Harrison Ford, he of Intergalactic fame, snogger of Princess Leia, pilot of the Millennium Falcon and best friend of a wookie, recently found himself being asked for identification when he popped in to an American bar for a swift beer.

The whip-cracking Indiana Jones star is 68, and one of the most recognisable faces on the big screen, but despite this the barman insisted on Ford showing him some ID before he would serve him, citing it as a policy of his company to check everybody because younger people complain about being singled out for ‘carding’.

Of course, it’s well known that in the States bars are hot on checking that they aren’t serving to underage individuals whereas here, in the UK, we seem to be hell-bent on catching out the licensed operators of our bars by using dubious underhand tactics in what appear to be blatant attempts at entrapment.

No sooner had I finished chuckling over my toast last week at the plight of the Death Star destroying hero than I was choking over a story where police in North Wales had used actors to deceive bar staff in an effort to catch them serving alcohol to people who are already drunk.

It is worrying that police forces seem to be spending time and money on these so-called ‘sting operations’.  Deception can be seen, in the eyes of the law, as a form of fraud and in this particular instance, whether they knew it or not, the bar staff were actually serving to sober people being paid out of tax payer money to cheat them in to thinking that they were drunk.

It is questionable as to which side was actually breaking the law.

Nobody should condone illegal acts and I am all in favour of we, as a trade, doing our best to ensure the safety not just of our customers but of those in the community around us.  Chief Inspector Andrew Williams may well be proud of his idea, and I am in no doubt that he feels he was acting in the best interests of his community, but such efforts to hoodwink licensees will simply serve to alienate them rather than encourage them to work with him.

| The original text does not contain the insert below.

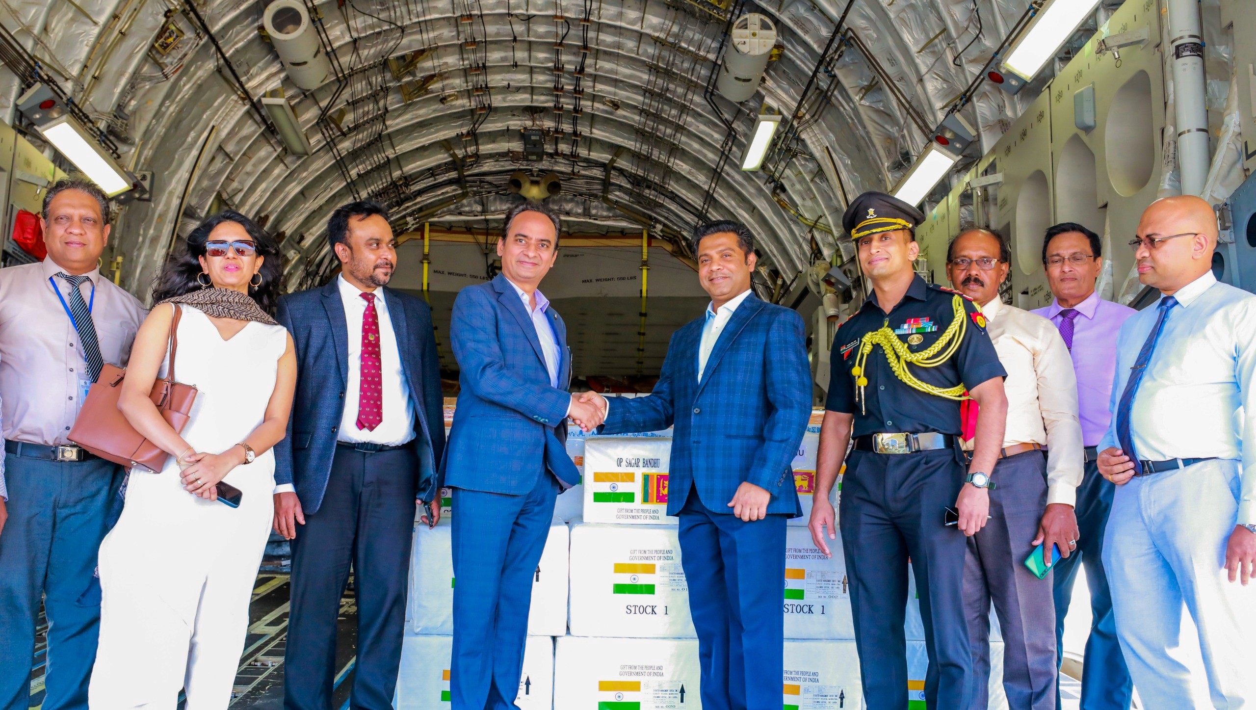 இந்த மருத்துவக் குழுவை இந்தியாவிற்கு அழைத்துச் செல்ல வந்த இந்திய விமானப்படையின் C-17 குளோப்மாஸ்டர் விமானம் மூலம் 10 டொன் மருந்துகள் மற்றும் 15 டொன் உலர் உணவுப் பொருட்கள் அடங்கிய நிவாரணப் பொருட்கள் இலங்கைக்கு கொண்டு வரப்பட்டன.

Reading another news story, however, I think the Japanese might have come up with a solution:  they’ve just announced a new vending machine that selects the customer’s drink based upon their age and gender.  It seems that, right now, it’s only capable of offering old men coffee and young women sweet tea, but five machines will be operating within Tokyo’s railway stations this week; 500 are anticipated to be in operation by March 2012.

The machine uses large touch screens and a variety of sensors to determine the characteristics of approaching customers and then makes its suggestion of what they should drink.

The technology may be in its infancy, but it surely can’t be long before we could have scanners alongside our tills that will determine the age and inebriation of approaching customers.

It might even be able to tell the real drunks from the fakes…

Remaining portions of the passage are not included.